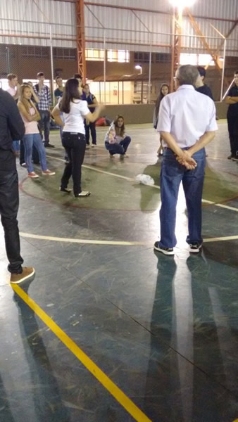 Após o intervalo os alunos se reuniram na quadra da escola para participar de uma dinâmica. A atividade chamada de "O lobo e os cordeiros" consiste na escolha secreta de um dos alunos para que seja o lobo. Sem que os demais alunos saibam quem foi escolhido, eles devem acusar uns aos outros, com base na percepção do comportamento de cada um, a fim de descobrir quem é o lodo entre os cordeiros. O aluno que acusa deve convencer os demais de que o acusado é o lobo, seguido de uma votação a favor daquele que melhor argumentar. Cada aluno que perde na votação se retira do grupo, até que o lobo seja descoberto. Os alunos contaram ainda com a premiação em balas para incentivá-los nos debates.
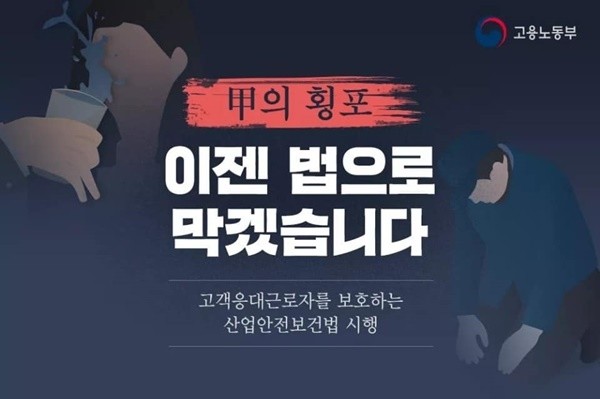 이번에 고용노동부가 ‘갑의 횡포’를 이젠 법으로 뿌리를 뽑겠다며, 고객응대근로자를 보호하는 ‘산업안전보건법’을 지난 10월 18일부터 시행에 들어갔다.
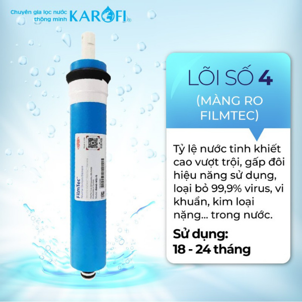 Lõi lọc số 4 Karofi hay còn gọi là màng lọc RO. Đây là bộ phận quan trọng nhất của chiếc lõi lọc nước Karofi được ví như quả thận của con người.
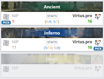 В матче нижней сетки группы “А” Intel Extreme Masters Season XVI – Cologne Virtus.pro со счетом 2:0 обыграла Ninjas in Pyjamas, выбив шведский клуб из турнира.
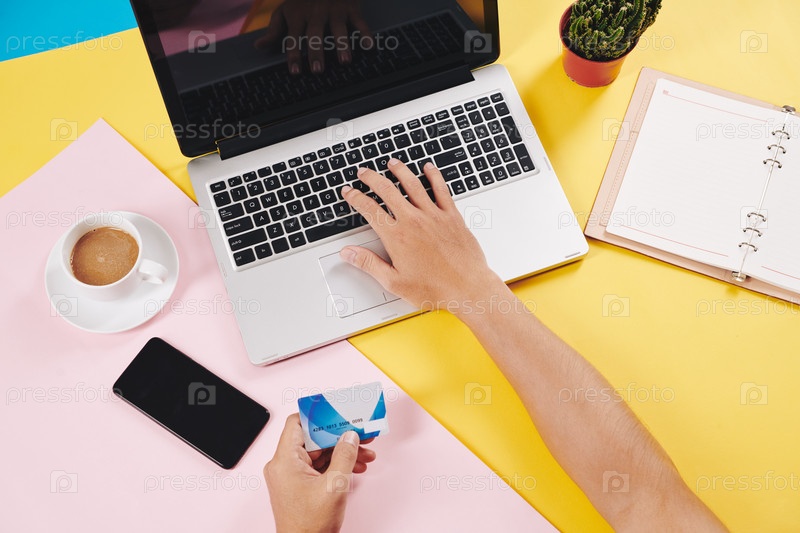 Мужчина покупает онлайн с помощью кредитной карты
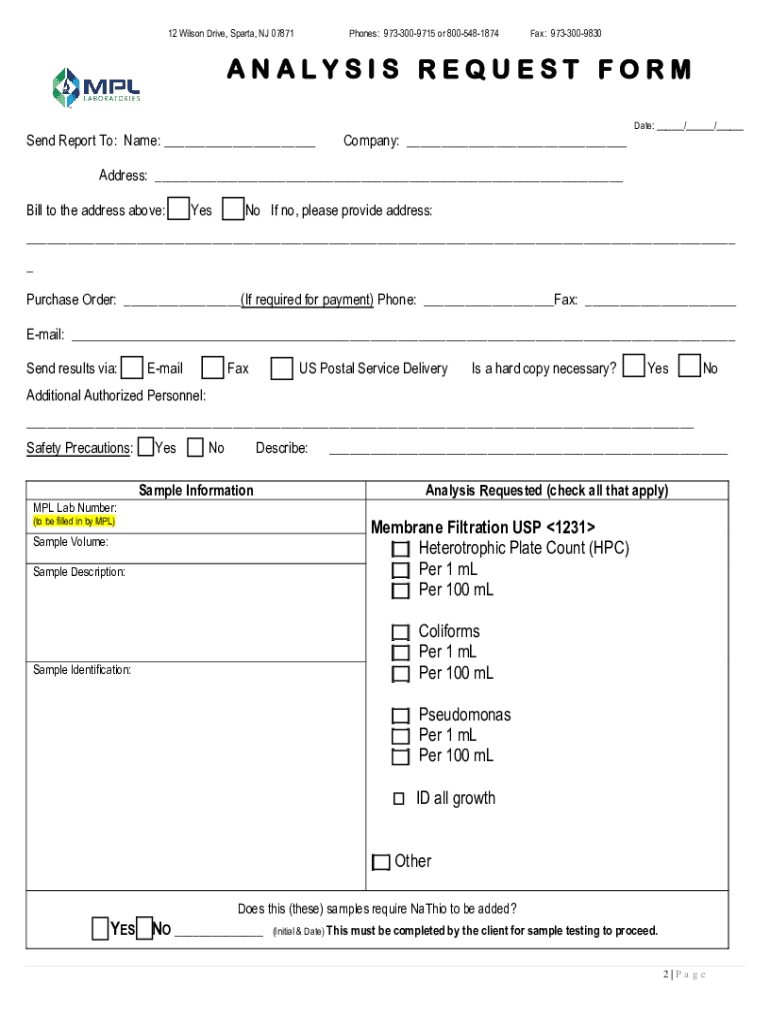 12 Wilson Drive, Sparta, NJ 07871Phones: 9733009715 or 8005481874Fax: 9733009830ANALYSIS REQUEST FORM INSTRUCTIONS: The analysis request form is on page 2 of this document. Please include the following
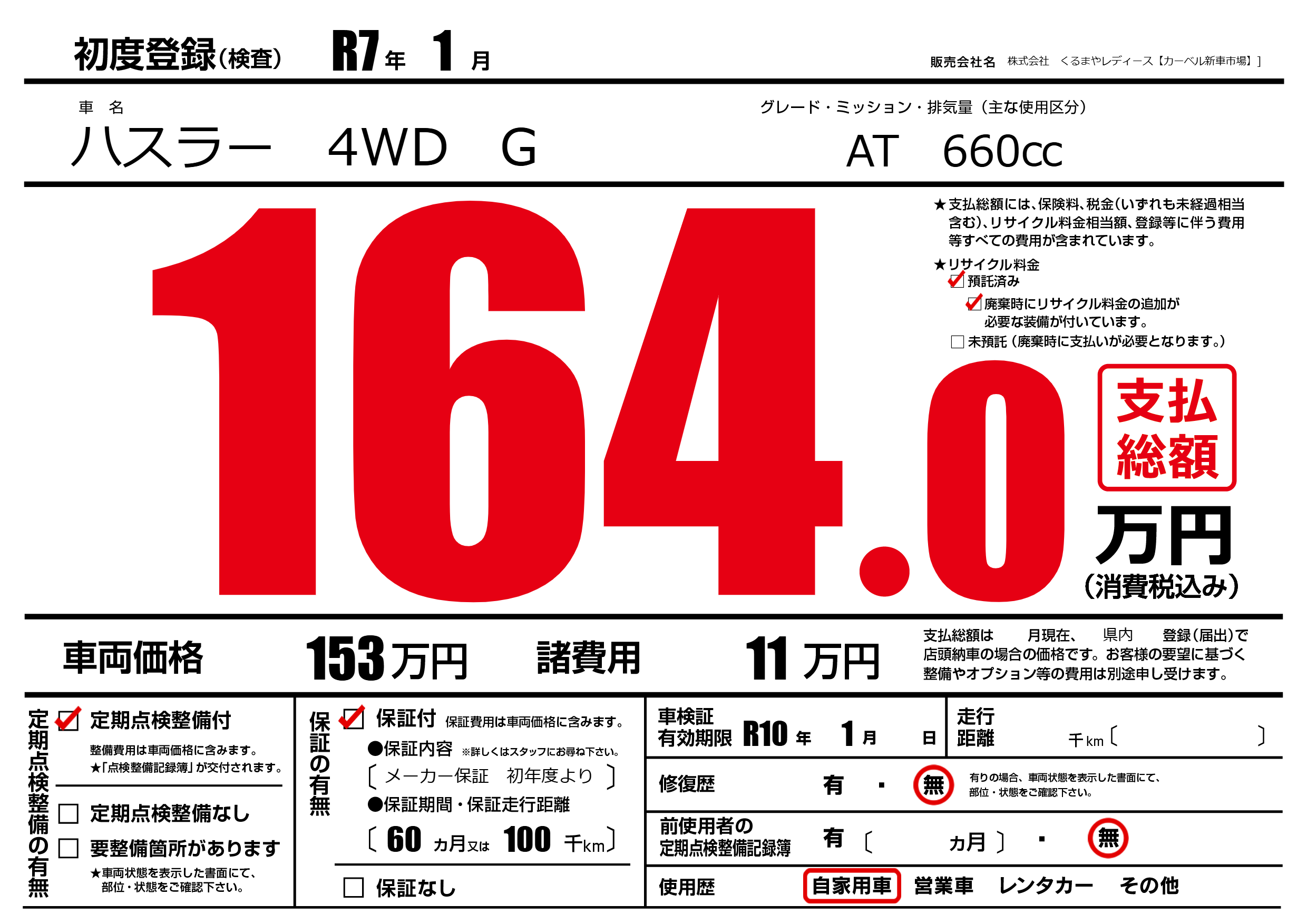 | 車名 | ハスラー 4WD G | グレード ミッション 排気量 |
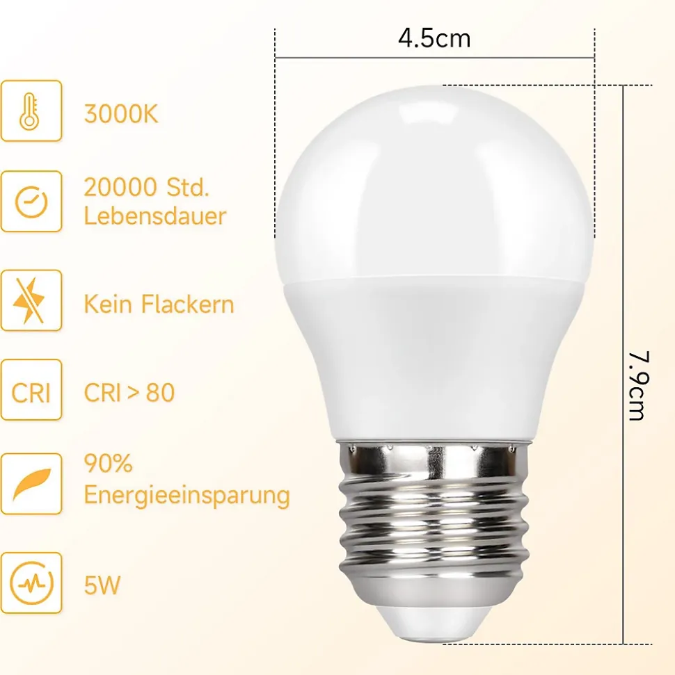 Efficacité énergétique : cette ampoule LED utilise seulement 5 watts de puissance et constitue toujours un remplacement parfait pour les ampoules à incandescence traditionnelles de 50 watts, vous permettant d’économiser jusqu’à 90 % sur votre facture d’électricité.Effet d’éclairage chaleureux : Il illumine immédiatement la pièce d’une lumière chaude et agréable et donne à votre salon une atmosphère cosy sans problème stroboscopiquedurable : la technologie avancée de puce LED garantit une longue durée de vie allant jusqu’à 20 000 heures, ce qui réduit considérablement la fréquence de remplacement et économise plus de ressources. Chaque assemblage comprend 6 ampoules LED E14 avec base en métal chromé pour garantir une durabilité stableExcellentes performances : la source lumineuse est conforme aux normes européennes de tension AC 230 V et a une température de couleur de 2 700 K. Il est stable et possède un indice de rendu des couleurs supérieur à 80, très proche de la lumière naturelle et protège les yeux de l’utilisateur.Service client : si vous rencontrez des problèmes lors du processus d’utilisation, n’hésitez pas à contacter notre équipe de service client professionnel, nous serons heureux de vous aider à le résoudre.

» Work instructions
Repeat each entry above word for word, leaving every picture out.

» Answer space
 Após o intervalo os alunos se reuniram na quadra da escola para participar de uma dinâmica. A atividade chamada de "O lobo e os cordeiros" consiste na escolha secreta de um dos alunos para que seja o lobo. Sem que os demais alunos saibam quem foi escolhido, eles devem acusar uns aos outros, com base na percepção do comportamento de cada um, a fim de descobrir quem é o lodo entre os cordeiros. O aluno que acusa deve convencer os demais de que o acusado é o lobo, seguido de uma votação a favor daquele que melhor argumentar. Cada aluno que perde na votação se retira do grupo, até que o lobo seja descoberto. Os alunos contaram ainda com a premiação em balas para incentivá-los nos debates.
 이번에 고용노동부가 ‘갑의 횡포’를 이젠 법으로 뿌리를 뽑겠다며, 고객응대근로자를 보호하는 ‘산업안전보건법’을 지난 10월 18일부터 시행에 들어갔다.
 Lõi lọc số 4 Karofi hay còn gọi là màng lọc RO. Đây là bộ phận quan trọng nhất của chiếc lõi lọc nước Karofi được ví như quả thận của con người.
 В матче нижней сетки группы “А” Intel Extreme Masters Season XVI – Cologne Virtus.pro со счетом 2:0 обыграла Ninjas in Pyjamas, выбив шведский клуб из турнира.
 Мужчина покупает онлайн с помощью кредитной карты
 12 Wilson Drive, Sparta, NJ 07871Phones: 9733009715 or 8005481874Fax: 9733009830ANALYSIS REQUEST FORM INSTRUCTIONS: The analysis request form is on page 2 of this document. Please include the following
 | 車名 | ハスラー 4WD G | グレード ミッション 排気量 |
 Efficacité énergétique : cette ampoule LED utilise seulement 5 watts de puissance et constitue toujours un remplacement parfait pour les ampoules à incandescence traditionnelles de 50 watts, vous permettant d’économiser jusqu’à 90 % sur votre facture d’électricité.Effet d’éclairage chaleureux : Il illumine immédiatement la pièce d’une lumière chaude et agréable et donne à votre salon une atmosphère cosy sans problème stroboscopiquedurable : la technologie avancée de puce LED garantit une longue durée de vie allant jusqu’à 20 000 heures, ce qui réduit considérablement la fréquence de remplacement et économise plus de ressources. Chaque assemblage comprend 6 ampoules LED E14 avec base en métal chromé pour garantir une durabilité stableExcellentes performances : la source lumineuse est conforme aux normes européennes de tension AC 230 V et a une température de couleur de 2 700 K. Il est stable et possède un indice de rendu des couleurs supérieur à 80, très proche de la lumière naturelle et protège les yeux de l’utilisateur.Service client : si vous rencontrez des problèmes lors du processus d’utilisation, n’hésitez pas à contacter notre équipe de service client professionnel, nous serons heureux de vous aider à le résoudre.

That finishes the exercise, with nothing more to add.